There was a thick fog that seemed to surround me. Some adjustments were made and the fog started to lift. My motivation to do more than get by returned. Things were still touched by the fog, but I felt almost giddy with the weight of that thick fog gone.
But then I decided to light the memorial candles for my parents on Yom Kippur. Even though I am not Jewish. I don't know what I thought would happen, but I had hoped to make it a tradition of remembering lives well lived. Instead I was filled with grief and loss.

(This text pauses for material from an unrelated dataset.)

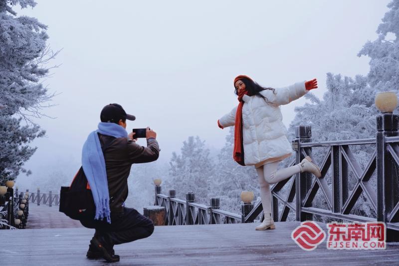 东南网1月8日讯(通讯员 张显超 李广 文/图)青山白头,玉树琼枝。1月6日,受强冷空气影响,三明泰宁县峨嵋峰迎来冬季雾凇美景,漫山枝条被剔透冰凌包裹,冰晶在风中簌簌作响,南国山间尽显北国风情。雾凇奇观为寒冬里的泰宁增添了别样景致,吸引不少游客踏着薄霜登山,或驻足观赏,或拍照留念,为将这短暂的冬日盛景定格。

This is the prayer one says as part of the remembrance:
"May God remember the souls of R and J, who have gone to their eternal home. In loving testimony to their lives we pledge to help perpetuate ideals important to them. Through such deeds and through our prayer and remembrance may their souls be bound up in the bond of life. May we prove ourselves worthy of the many gifts with which they blessed us. May these moments of meditation strengthen the ties that link us to their memory. May they rest in peace forever in God's presence"
I felt suddenly so fragile. A slight wind could knock all the little pieces of my heart askew. Something as simple as a stranger making snide remarks about the size of my double stroller could bring about anxiety that left me hesitant to go out. Going to the gym for the first time since first trimester went poorly (I didn't know what to do and ambled about from elliptical to weights and then couldn't figure out the weights) and I came home to a distraught toddler. My will, my desire to try again crumbled.
I was weighed down once again by the fog.
Even adjustments sometimes need adjusting, and so I am waiting for the changes to have an impact, waiting to feel like I can once again take on the world, rather than wanting to hide from it.